Yaitu asas bimbingan dan konseling yang menunjuk pada tujuan umum bimbingan dan konseling, yakni: konseli (konseli) sebagai sasaran pelayanan bimbingan dan konseling diharapkan menjadi konseli-konseli yang mandiri dengan ciri-ciri mengenal dan menerima diri sendiri dan lingkungannya, mampu mengambil keputusan, mengarahkan serta mewujudkan diri sendiri. Guru pembimbing hendaknya mampu mengarahkan segenap pelayanan bimbingan dan konseling yang diselenggarakannya bagi berkembangnya kemandirian konseli. Dengan demikian siswa dapat memecahkan masalah yang sedang dihadapi tanpa bergantung dengan orang lain.

  • Asas Keharmonisan

Yaitu asas bimbingan dan konseling yang menghendaki agar segenap pelayanan dan kegiatan bimbingan dan konseling didasarkan pada dan tidak boleh bertentangan dengan nilai dan norma yang ada, yaitu nilai dan norma agama, hukum dan peraturan, adat istiadat, ilmu pengetahuan, dan kebiasaan yang berlaku. Bukanlah pelayanan atau kegiatan bimbingan dan konseling yang dapat dipertanggungjawabkan apabila isi dan pelaksanaannya tidak berdasarkan nilai dan norma yang dimaksudkan itu. Lebih jauh, pelayanan dan kegiatan bimbingan dan konseling justru harus dapat meningkatkan kemampuan konseli (konseli) memahami, menghayati, dan mengamalkan nilai dan norma tersebut.

  • Asas Kekinian

Yaitu asas bimbingan dan konseling yang menghendaki agar objek sasaran pelayanan bimbingan dan konseling ialah permasalahan konseli (konseli) dalam kondisinya sekarang. Pelayanan yang berkenaan dengan “masa depan atau kondisi masa lampau pun” dilihat dampak dan/atau kaitannya dengan kondisi yang ada dan apa yang diperbuat sekarang sehingga siswa akan lebih berpikir ke depan dan berusaha memperbaiki semua yang ada demi masa depan yang lebih baik.

  • Asas Keterpaduan

Yaitu asas bimbingan dan konseling yang menghendaki agar berbagai pelayanan dan kegiatan bimbingan dan konseling, baik yang dilakukan oleh guru pembimbing maupun pihak lain, saling menunjang, harmonis, dan terpadu. Untuk ini kerja sama antara guru pembimbing dan pihak-pihak yang berperan dalam penyelenggaraan pelayanan bimbingan dan konseling perlu terus dikembangkan. Koordinasi segenap pelayanan/kegiatan bimbingan dan konseling itu harus dilaksanakan dengan sebaik-baiknya.

  • Asas Keahlian

Yaitu asas bimbingan dan konseling yang menghendaki agar pelayanan dan kegiatan bimbingan dan konseling diselenggarakan atas dasar kaidah-kaidah profesional. Dalam hal ini, para pelaksana pelayanan dan kegiatan bimbingan dan konseling hendaklah tenaga yang benar-benar ahli dalam bidang bimbingan dan konseling. Keprofesionalan guru pembimbing harus terwujud baik dalam penyelenggaraan jenis-jenis pelayanan dan kegiatan dan konseling maupun dalam penegakan kode etik bimbingan dan konseling.

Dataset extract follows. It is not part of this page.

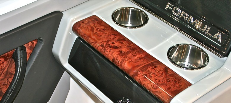 Armaturenblende aus Wurzelholz, gebürsteter Metall Umrahmung
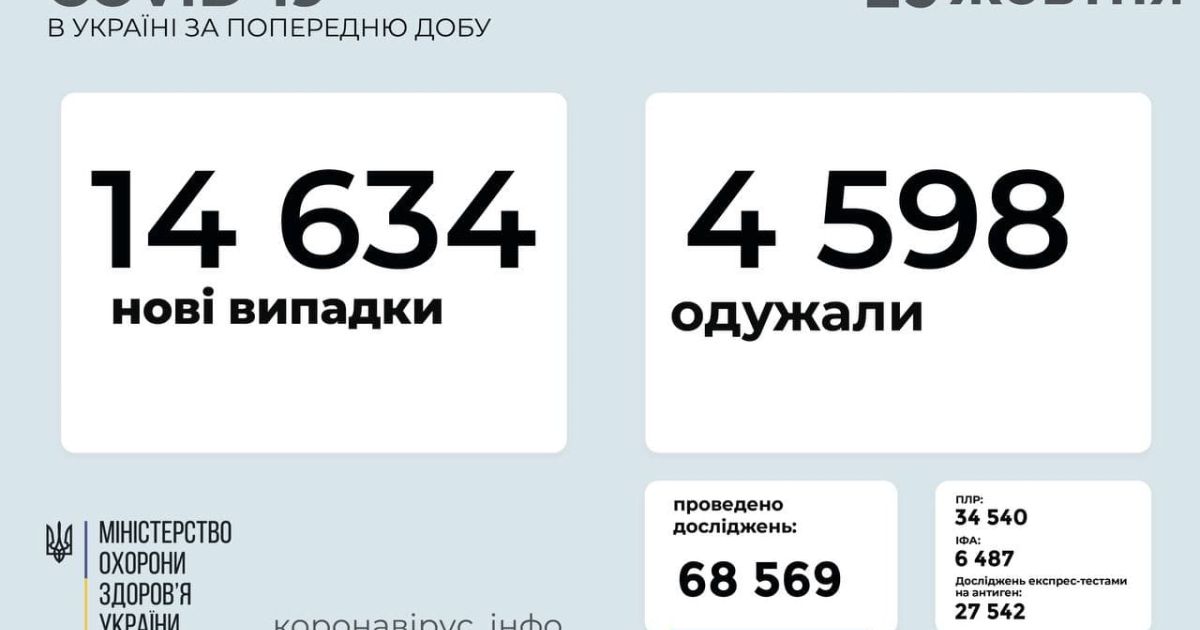 14 634 нові випадки COVID-19 зафіксовано в Україні станом на 25 жовтня 2021 року. Зокрема, захворіли 999 дітей та 173 медпрацівники.

  • Asas Alih Tangan Kasus

Yaitu asas bimbingan dan konseling yang menghendaki agar pihak-pihak yang tidak mampu menyelenggarakan pelayanan bimbingan dan konseling secara tepat dan tuntas atas suatu permasalahan konseli (konseli) mengalihtangankan permasalahan itu kepada pihak yang lebih ahli. Guru pembimbing dapat menerima alih tangan kasus dari orang tua, guru-guru lain, atau ahli lain ; dan demikian pula guru pembimbing dapat mengalihtangankan kasus kepada guru mata pelajaran/praktik dan lain-lain sehingga pelaksanaan bimbingan dan konseling ini dapat berjalan sebagaimana mestinya dan siswa dapat memperoleh hasil yang sesuai dan tidak terjadi kesalahan dalam pelaksanaan bimbingan dan konseling.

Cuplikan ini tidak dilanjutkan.